Sentiment indicators based on some Machine Learning algorithms are fashionable these days, for good reasons. There are, however, some major flaws in this approach when not implemented with a clear strategy.
I come from the Economics field, where one uses data to test a theory.
Data science mostly works the other way around: one builds a model then tries to make sense of it.
There is no absolute right or wrong way of doing things; but we need to be aware of the pitfalls inherent to each approach.
"Sentiment" indicators are very popular in quantitative finance these days. They often rely on Machine Learning and other statistical techniques to compile big chunk of data. I am a big fan of the technology, Natural Language Processing in particular, but only when it comes with a clear sense of purpose.
The single most important thing in a Machine Learning application (in the fields I know at least) is to establish the use case. Whose "sentiment" is this? What does it add to well-known market prices? Are robots better at "sentiment" than humans now, really?
Too often, a "sentiment" indicator is there for lack of a better word and, sometimes, of a proper thinking about the concept and goal.
Let's take an example
Someone builds a "sentiment" indicator aggregating all sorts of news about a few companies, using Natural Language Processing. It correlates well with stock prices.

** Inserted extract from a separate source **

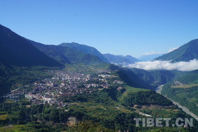 圖為清晨云海散去的墨脫縣縣城全景,北側(cè)是雅魯藏布江峽谷 攝影:德吉卓瑪
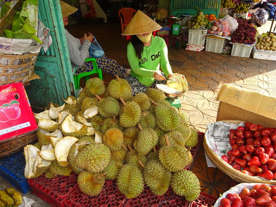 Für 20000 VND = 0,80 Euro deckte ich mich hier auf dem Markt wieder mit der leckeren Durian Frucht ein

Now, looking at the data a bit more closely, it appears that a good portion of these news relate with the stock price itself, like:
- "Company X rose 5% yesterday on the back of..."
- "Traders turned negative on Company Y".

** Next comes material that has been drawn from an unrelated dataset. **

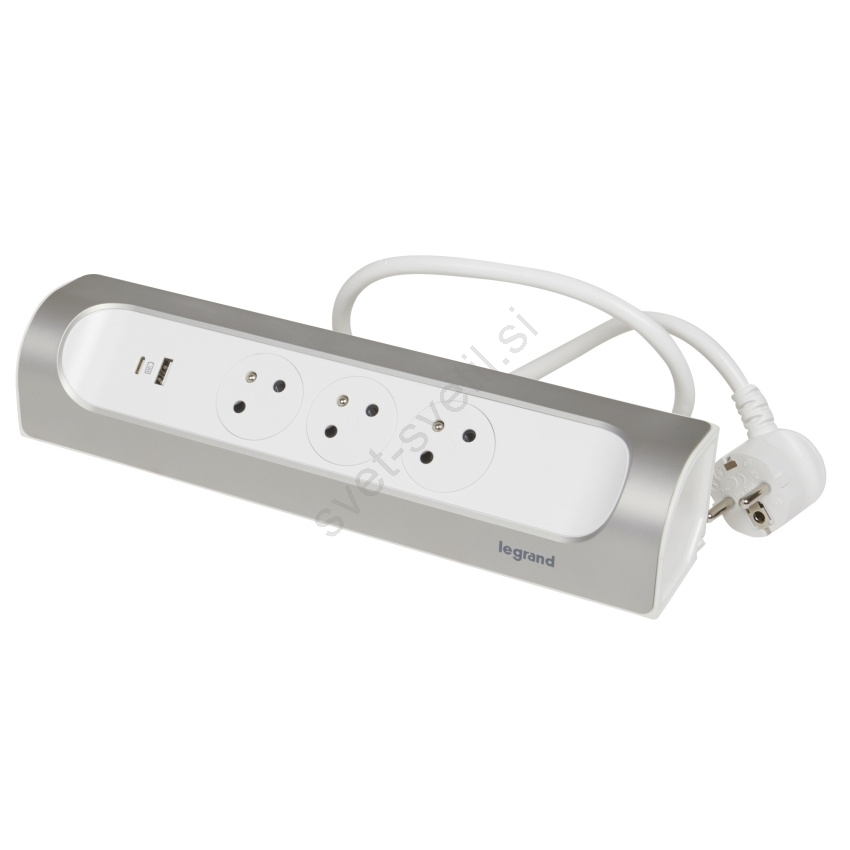 Legrand 049406 - Podaljšni kabel s 3 vtičnicami, tip E + USB-A + USB-C, 1 m, srebrna/bela

There may or may not be a new external reason mentioned in the article.
That can be a recipe for disaster. The whole "correlation" with stock prices may well be coming from this type of news. In our experience, they can represent a surprisingly large share of the sample.
These news really need to be taken out of the sample. Then, if there is still a good "correlation" between what's left of the sentiment and stock prices, we have got something to work with.

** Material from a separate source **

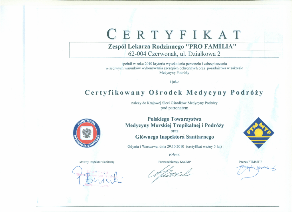 CERTYFIKAT Zespół Lekarza Rodzinnego "PRO FAMILIA" 62-004 Czerwonak, ul. Działkowa 2 spełnił w roku 20 I O kryteria wyszkolenia personelu i zabezpieczenia właściwych warunków wykonywania szczepień ochronnych oraz poradnictwa w zakresie Medycyny Podróży i jako Certyfikowany Ośrodek Medycyny Podróży należy do Krajowej Sieci Ośrodków Medycyny Podróży pod patronatem Polskiego Towarzystwa Medycyny Morskiej Tropikalnej i Podróży oraz Głównego Inspektora Sanitarnego Gdynia i Warszawa, dnia 29.10.2010 (certyfikat ważny 5 lat) podpisy: Główny Inspektor Sanitarny Przewodniczący KSOMP Prezes PTMMTiP

If not, "sentiment" is just a stock prices lagging indicator, by about a day or so. The correlation with stocks is a spurious relationship.
When we aggregate inflation news in the News Inflation Pressure Indices, we have a special model trained to detect the news about official inflation releases, to take them out of our sample.
It's not a nice-to-have feature: it must be done. To put the numbers out: these news represent around 22% of our sample. We have 1.3 million news which relate with inflation, over a three-years period. Of these, just over 100k are selected to be inflation relevant. And of these, 22k need to be taken out because they relate with inflation releases.
If we were not to do that, we'd have a spurious indicator.
What's the bottom line?
It's not because we do Machine Learning that we should not think about a model strategy.
Data Science should start with... knowing the data, which requires field expertise. To build a useful Machine Learning model, the data scientist and the analyst need to work together.